Exercise :: The entries below contain a stretch that opens with the line containing "5、在课堂白板区,教师可切换" and closes with the line containing "При нажатии на"; set down that stretch exactly, both ends included, and nothing else.

Entries supplied ::

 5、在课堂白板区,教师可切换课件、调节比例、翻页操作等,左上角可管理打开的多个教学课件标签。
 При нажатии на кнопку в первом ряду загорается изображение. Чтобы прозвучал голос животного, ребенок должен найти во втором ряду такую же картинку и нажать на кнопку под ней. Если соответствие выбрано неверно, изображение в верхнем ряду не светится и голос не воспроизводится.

==

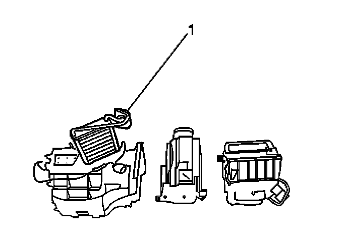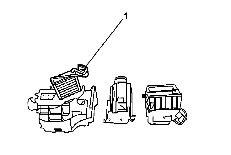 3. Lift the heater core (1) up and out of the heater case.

Response ::
 5、在课堂白板区,教师可切换课件、调节比例、翻页操作等,左上角可管理打开的多个教学课件标签。
 При нажатии на кнопку в первом ряду загорается изображение. Чтобы прозвучал голос животного, ребенок должен найти во втором ряду такую же картинку и нажать на кнопку под ней. Если соответствие выбрано неверно, изображение в верхнем ряду не светится и голос не воспроизводится.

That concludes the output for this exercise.